L’irrigation, bientôt expérimentée en Beaujolais
En abordant la sécheresse et les pertes partiellement engendrées sur la récolte 2020, les responsables du Beaujolais ont sans surprise remis sur la table la question de l’irrigation. « Je sais que des viticulteurs étaient réticents à cette idée. Mais avec la sécheresse que nous venons de vivre, certains ont changé leur fusil d’épaule. Et ce que nous avons vécu cet été et les précédents deviendra récurrent », commente Jean-Pierre Rivière, président de la section beaujolais à l’ODG, mais aussi président de la Sicarex Beaujolais.
Ce dernier annonce prochainement la mise en place d’essais qui seront réalisés par l’organisme technique du vignoble. Car pour faire valider auprès de l’INAO un changement au cahier des charges d’une ou plusieurs appellations regroupées sous un seul ODG, cette demande doit être accompagnée d’une étude réalisée sur un référentiel de parcelles. « Nous allons trouver des parcelles à titre expérimental, là où l’eau est accessible. Elles vont cependant perdre l’appellation même dans le cadre d’un essai. L’intérêt serait de trouver plusieurs parcelles dans les trois grandes zones du vignoble et sur des pentes et des sols différents. Un protocole sera mis en place par les équipes de la Sicarex », développe-t-il.

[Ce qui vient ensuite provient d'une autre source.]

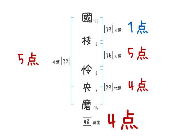 外運![]() | 國枝怜央磨さんの外運は32画の5つ星!柔軟性があり成功する。チャンスが多く金運が良い。 生活面を象徴する運勢です。外部から受ける影響力を表し、結婚運、家庭運や職場、環境への順応性を表します。 |

Que dit la réglementation et dans quelles conditions peut-on irriguer la vigne ? Comme le rappelle l’IFV, l’irrigation est régie par le décret n° 2006-1527 du 4 décembre 2006 qui stipule ses conditions de mise en œuvre. Et les possibilités varient selon les segments de production. En vins sans IG, elle est autorisée tout le temps, sauf entre le 15 août et la récolte. Pour les IGP, il en va de même, sauf en cas de restriction par arrêté préfectoral. En AOC par contre, l’irrigation est autorisée seulement depuis la fin de la récolte jusqu’au 1er mai. En revanche, si le décret de définition de l’appellation d’origine le prévoit, elle peut être exceptionnellement accordée entre la fermeture de la grappe et la véraison (au maximum du 15 juin au 15 août). Il faut toutefois que l’ODG de l’appellation concernée fasse annuellement une demande à l’INAO, avec un argumentaire prouvant que la situation climatique le justifie, comme l’explique notre homologue Xavier Delbecque de Réussir Vigne.